■ **Directions for this task**: Exactly retype the lines from the top of the data through the line containing "Bone inlay Round", leaving out every picture.

START Information

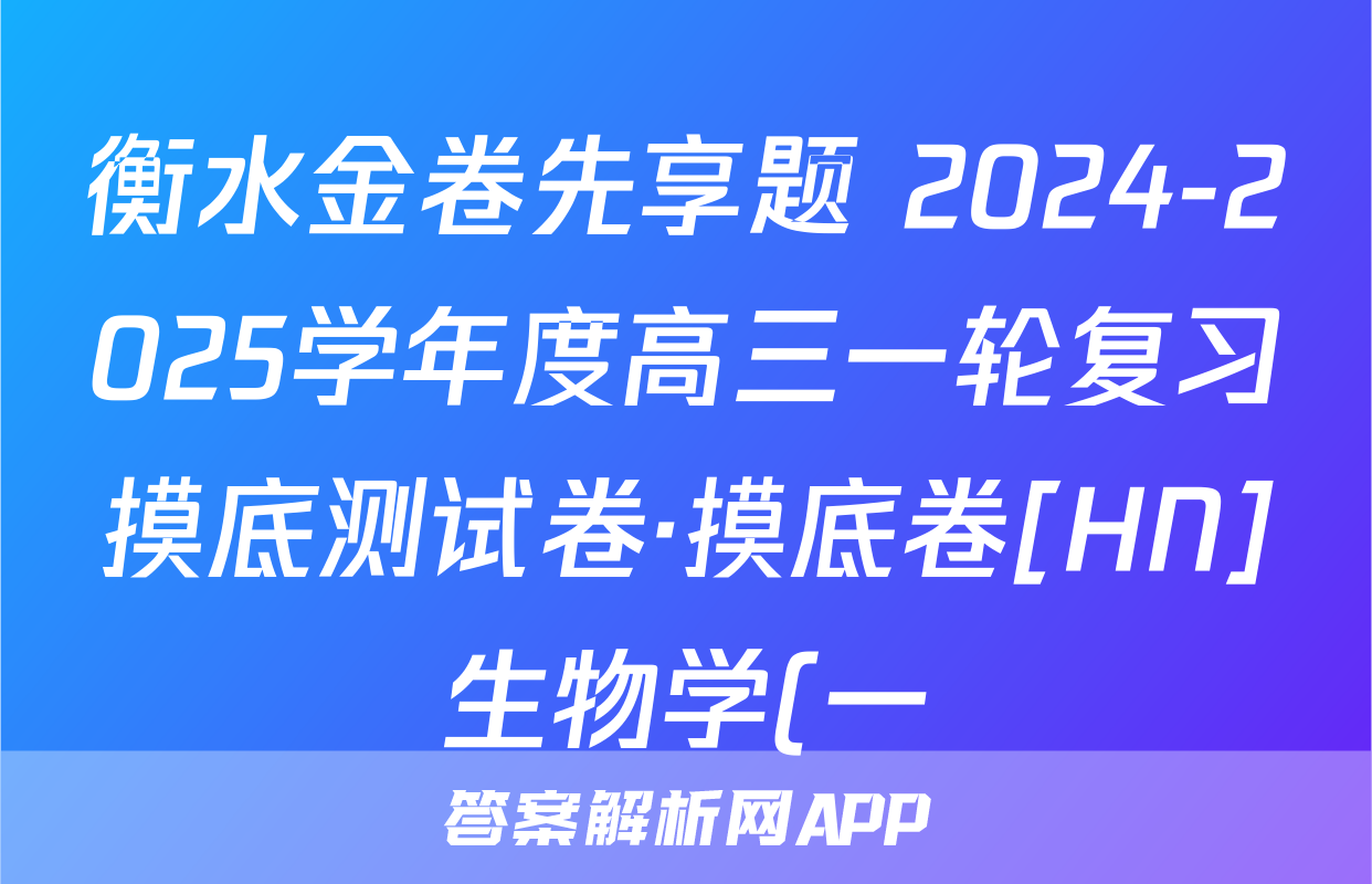衡水金卷先享题 2024-2025学年度高三一轮复习摸底测试卷·摸底卷[HN]生物学(一)1答案正在持续更新,目前2024-2025英语周报答案网为大家整理了相关试题及答案,供大家查缺补漏,高效提升成绩。
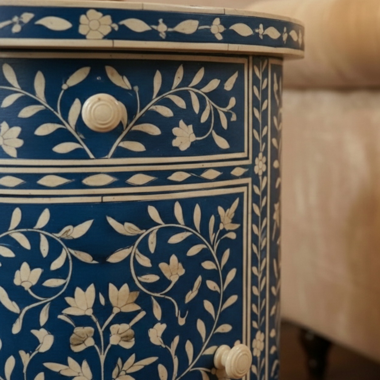 Bone inlay Round Blue bedside table with 2 Drawers
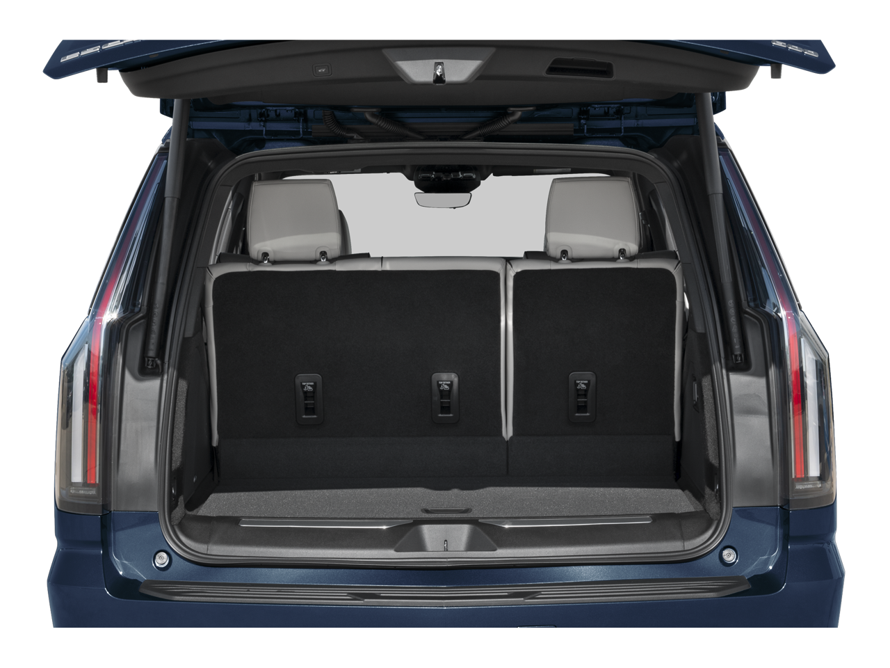EXECUTIVE SECOND ROW SEATING PACKAGE includes Rear Command Center, (AL4) second row captains chairs, (KUF) second row ventilated seats, heated second row cushion and seat backs with dual mode controls, 14-way adjustable seats including (ACS) 6-way power second row seat adjuster, (AHX) 4-way power bolster second row seat adjuster, (AJV) 10-point power massage second row seat adjuster, (K7D) second row dual wireless charging and (DK1) second row floor console with stowable tray tables, ONYX PACKAGE includes (RIK) Gloss Black Escalade nameplate, (SQO) 22 Forged Multi-Spoke alloy wheels with Satin Graphite finish and Laser Etching, LPO or (5FE) 24 Black alloy wheels, LPO and (R88) Black illuminated Cadillac emblem, LPO (RWD models include (SQO) 22 Forged Multi-Spoke alloy wheels with Satin Graphite finish and Laser Etching, LPO. 4WD models include (5FE) 24 Black alloy wheels, LPO.), 6.2L V8 WITH DYNAMIC FUEL MANAGEMENT Direct Injection and Variable Valve Timing, includes aluminum block construction (420 hp [313.2 kW] @ 5600 rpm, 460 lb-ft of torque [623.7 Nm] @ 4100 rpm) (STD), 10-SPEED AUTOMATIC electronically controlled with overdrive, tow/haul mode and tap up/tap down shifting (STD). Cadillac 4WD Sport Platinum with Galactic Gray Metallic exterior and Jet Black interior features a 8 Cylinder Engine with 420 HP at 5600 RPM*.
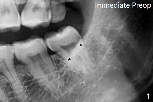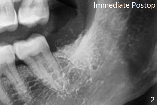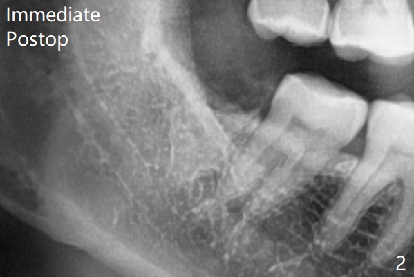 术前外斜脊(图一:*)存在,术后即刻没有消失,放置0.5毫升骨水泥(图二)。
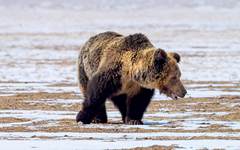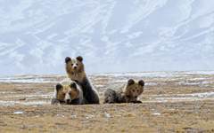 成年棕熊平时独自行动,秋季交配时公熊和母熊才会见面。母熊会带娃生活一段时间,图为我们遇到带着三只小熊的母熊。
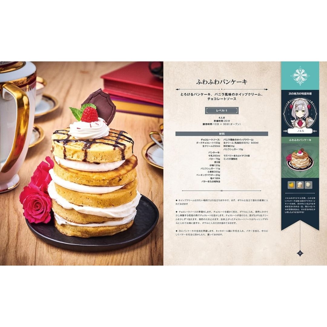 Buku Resep Genshin Impact Recipe Book Teyvat Gourmet Travelogue menghadirkan 60 resep khas dari dunia Teyvat! Buku ini menampilkan berbagai hidangan dari wilayah Mondstadt, Liyue, Inazuma, dan Sumeru yang bisa ditemukan dalam game. Mulai dari hidangan pembuka, makanan utama, hingga pencuci mulut dan minuman, semuanya dijelaskan dengan detail dan dilengkapi foto menarik.
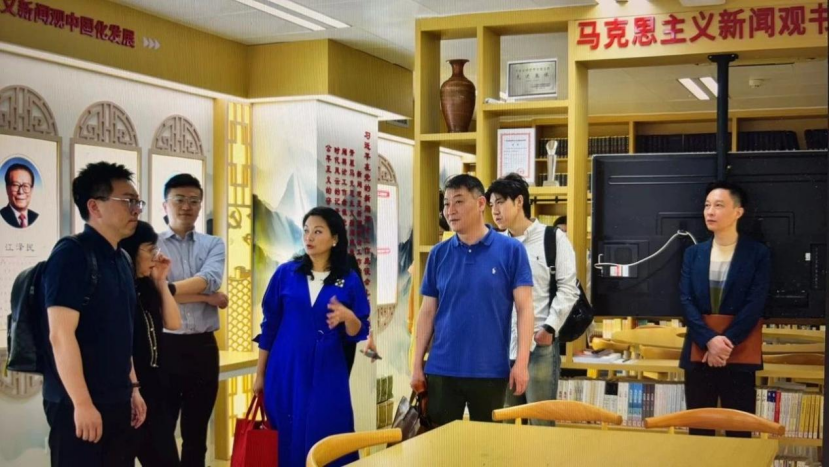 在我院老师的热情陪同下,调研团一行参观了beats365亚洲版新闻传播学院全媒体交互式演播中心、马克思主义新闻观书屋、融媒体中心等,实地感受我院的教学氛围。
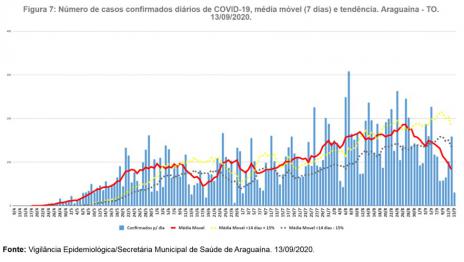 O último Boletim Epidemiológico da Prefeitura de Araguaína indica que a média móvel (média de novos casos dos últimos sete dias) é a menor desde julho. Além disso, é a primeira vez, nos seis meses de pandemia, que o índice aponta desaceleração do contágio por mais de uma semana seguida. Para manter a queda, especialistas alertam para continuidade das medidas preventivas.
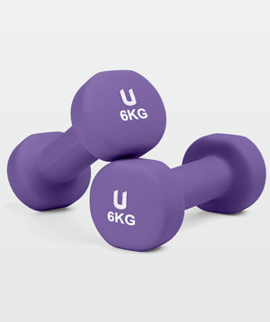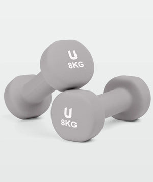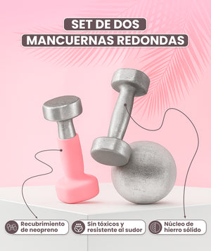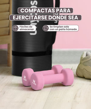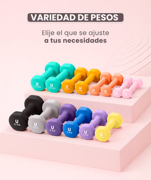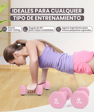Kit de mancuernas con recubrimiento de neopreno suave, inodoro, impermeable y con efecto antideslizante para prevenir caídas y facilitar el levantamiento.

END Information

■ **Answer**:
衡水金卷先享题 2024-2025学年度高三一轮复习摸底测试卷·摸底卷[HN]生物学(一)1答案正在持续更新,目前2024-2025英语周报答案网为大家整理了相关试题及答案,供大家查缺补漏,高效提升成绩。
 Bone inlay Round Blue bedside table with 2 Drawers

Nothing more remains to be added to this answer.